The data are transformed into a new space, called the kernel, which makes it possible to model non-linearity. In calibration, the dimension of this matrix is nxn (n being the number of samples in calibration). The most common kernel is the Gaussian kernel which requires a Gaussian width optimization parameter: sigma that allows to adjust the degree of non-linearity. The SVM method also requires the optimization of a regularization parameter which makes it possible to avoid overfitting (C or cost). The adjustment of these two parameters is crucial to obtain a model that is both efficient and robust.

Although originally created for classification, SVM methods have been extended to regression, in particular two methods: SVM-R and LS-SVM.

ANN – Artificial Neural Networks

Artificial neural networks (ANN), or shallow networks (to differentiate them from deep learning methods), are modeling tools imitating the biological principle of neurons. The most used Artificial Neural Network is the Multi-Layer Perceptron (MLP). It is organized in layers of interconnected neurons (fully connected), with, at least 3 layers:

  • 1 input layer corresponding to the variables X (1 neuron per column)
  • 1 or more hidden layer (s) of k neurons that correspond to the weights which will have to be trained to build the model
  • 1 output layer corresponding to the Y (1 neuron per column).

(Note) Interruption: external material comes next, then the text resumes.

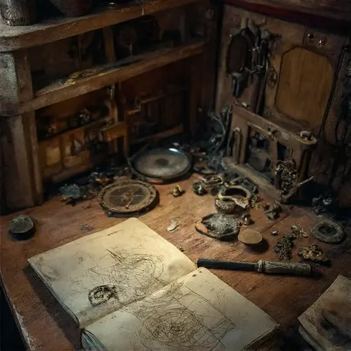 Later ledger entries reveal incomplete mechanisms; some gear trains remain misaligned, balance wheels unfinished. Margin notes—“client delivery delayed”—are smudged. Tools lie scattered; half-assembled clocks teeter on shelves. Miklós’s precision faltered under worsening arthritis and failing eyesight, leaving work suspended and loft routines indefinitely frozen. Each abandoned gear and sketch embodies halted intention and interrupted expertise.

They can be quantitative values to be predicted or classes according to the type of network developed. ANN are non-linear stochastic methods, i.e. each modeling process will lead to a different result. It is generally recommended to carry out several iterations.

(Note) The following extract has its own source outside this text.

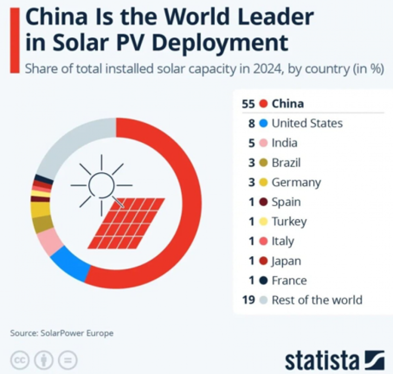 Carbon Brief-ի տվյալներով՝ Չինաստանը 2025 թվականին կտեղադրի ավելի շատ արևային էլեկտրակայաններ (գիգավատներով), քան արտահանել է։ Համաշխարհային տեղադրված արևային հզորությունը 2024 թվականին հասել է ռեկորդային 597 գիգավատի, նախորդ տարի ավելացված 148 գիգավատից հետո։ Այսպիսով, Ասիա-խաղաղօվկիանոսյան տարածաշրջանը պահպանել է իր առաջատար դիրքը՝ կազմելով համաշխարհային հզորությունների ավելացման 70%-ը։

Non-linearities are managed by the use of activation functions at the output of each neuron from the hidden layer(s). Different kinds of activation functions exist (tangent, sigmoid, etc.).

Weights are adjusted by running through each sample of the calibration set several times. A stopping criterion is then necessary to avoid over-fitting. These methods are therefore to be used with caution, but modeling tips make it possible to obtain robust models.

CART – Classification And Regression Trees

Classification and Regression Trees (CART) successively split the data into two groups, forming a binary tree.

At each node of the tree, a variable is selected according to its predictive interest, and the optimal separation threshold is calculated. Samples with a value below the threshold are directed to the left of the tree and those greater than or equal to the threshold on the right. Then, each sub-set is again divided in half from a new variable (which can be the same or different). This process is carried out until all the samples are separated or a minimum per leaf (terminal node) is reached.

In the case of a discrimination model, a new sample will be submitted to the tree and will be assigned to the majority class of the leaf in which it falls after having traversed the tree. In the case of a regression model, the value assigned is the average of the samples from the leaf.

Random Forests

An improvement of this approach, the “Random Forests”, makes it possible to overcome the over-fitting problems inherent in the CART method.

The principle is to produce several trees from a bootstrap sampling of the initial data, as well on the samples as on the variables. When a new sample is submitted to the forest, its final prediction corresponds to:

  • the average of the predictions of all the trees in the case of a quantitative prediction
  • the majority class  of all the trees in the case of a classification.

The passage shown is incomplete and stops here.